A close friend and Dharma brother of mine commented the freeform makes him think of jazz, dancing, or writing. I kinda dig that association. To me, Buddhism is more of an art than a philosophy or religion.
The overall meditation is Freeform Zazen, or just freeform meditation. The basic principle is that you learn several different meditation techniques and then, when you sit, use any/all/none of them as the situation calls for without forcing it.
One minute you might be performing Samatha while focusing on the breath; the next you mind be sitting Shikantaza or chanting a mantra. There’s absolutely no set structure and the only guidelines are:
- Start each session by wishing that all beings be enlightened and at ease
- Dedicate the sit to uncovering the experiential realization of original enlightenment/Buddha-nature/Dharma-nature/emptiness/Suchness or whatever, they’re all synonyms.
Of those, perseverance is the most important. I like sitting in the shower, and sometimes I feel the urge to adjust the water temperature even though I don’t have to adjust it. So, I just keep sitting instead. I don’t often use a timer, so I tend to just end the sit whenever it feels right, but I never end it with my first impulse to do so. I keep sitting until that impulse has passed and end the sit when I no longer desire ending it.
Mindful perseverance helps us tackle conditioning and cultivate tolerance and patience in day-to-day life.

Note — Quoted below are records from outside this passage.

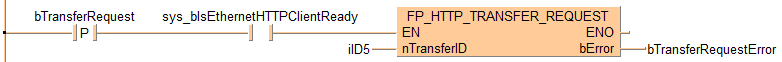 END_VARLorsque bTransferRequest passe de FALSE à TRUE et lorsque la variable système sys_bIsEthernetHTTPClientReady est TRUE, l’instruction est exécutée. Une requête de transfert HTTP est envoyée pour l’unité Ethernet 5.
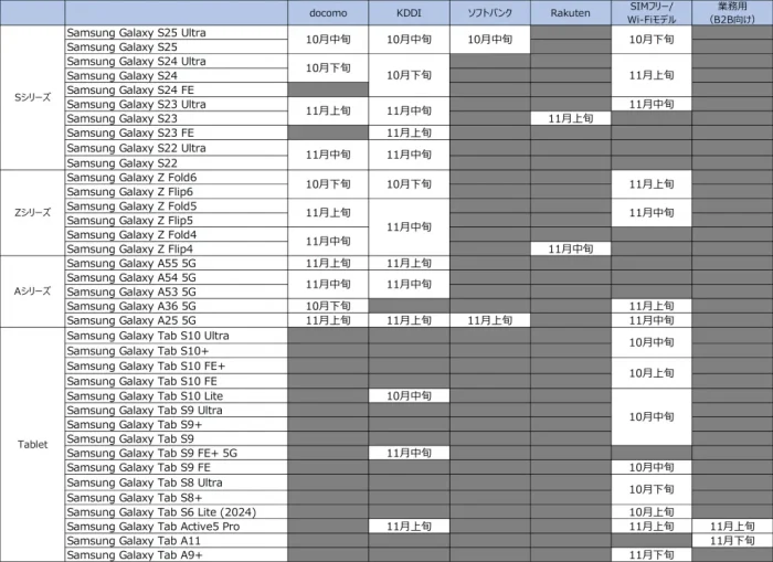 One UI 8対象機種、ソフトウェアアップデート時期 (10月9日時点予定)
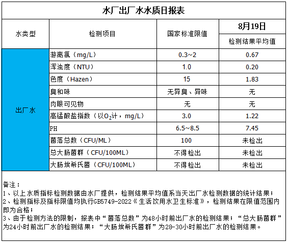 水廠出廠水水質(zhì)日報表(2025-8-19)
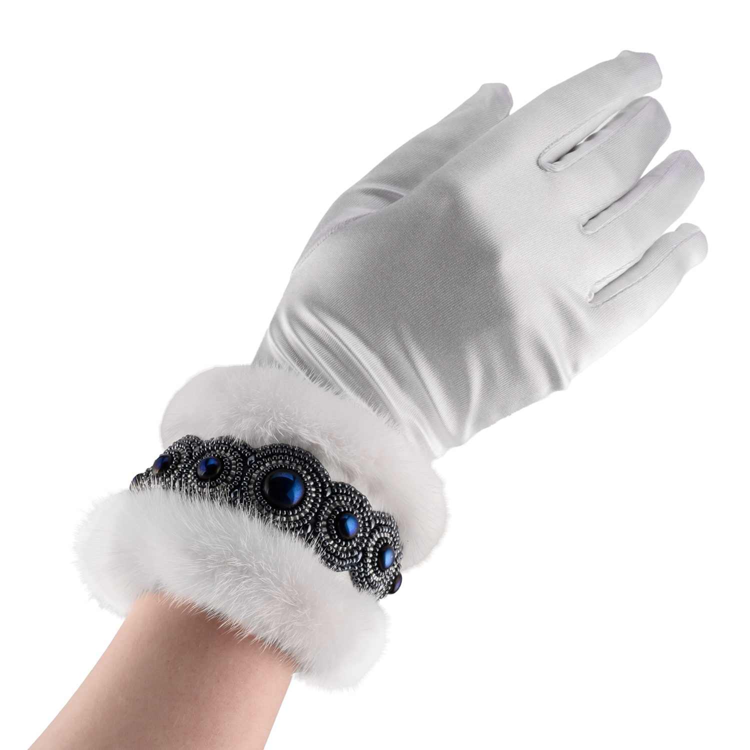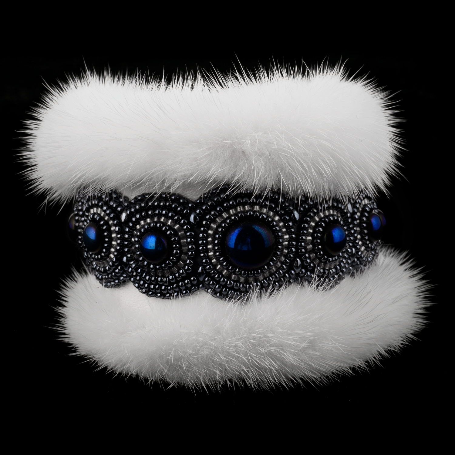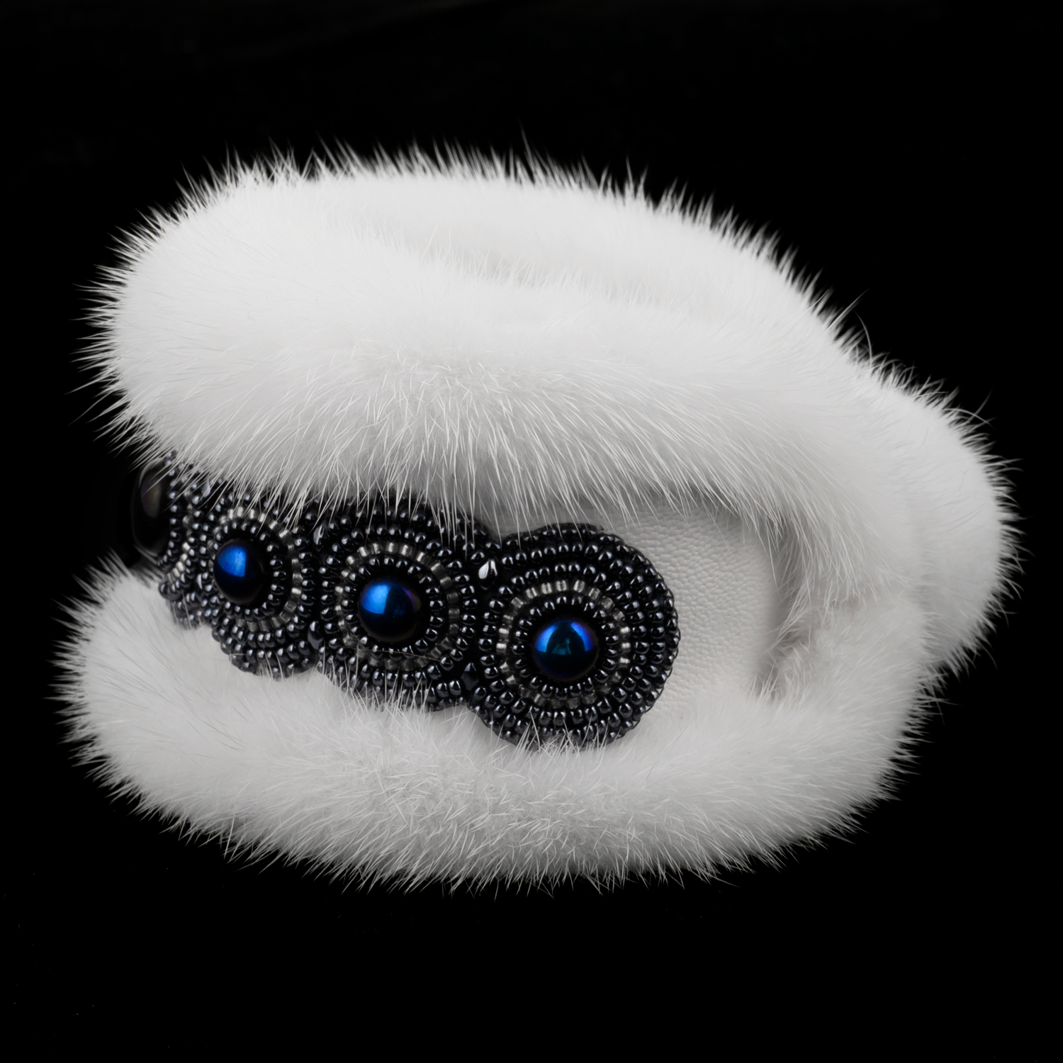 Браслет из бисера и меха белой норки.Размер: 100х100х75 мм

Learning to persevere practically satisfies the entire Eightfold Path in itself.
Anyway, that’s the gist of it. I wouldn’t give what I do a name at all, but labels are useful when it comes to sharing things with people. And if I can’t share my practice with others, then my practice seems dead and listless.
Most of the breakthroughs I’ve had in Buddhism came about when I was serving others in some way. The insights and what not made by myself and for myself have had a minuscule impact on my life.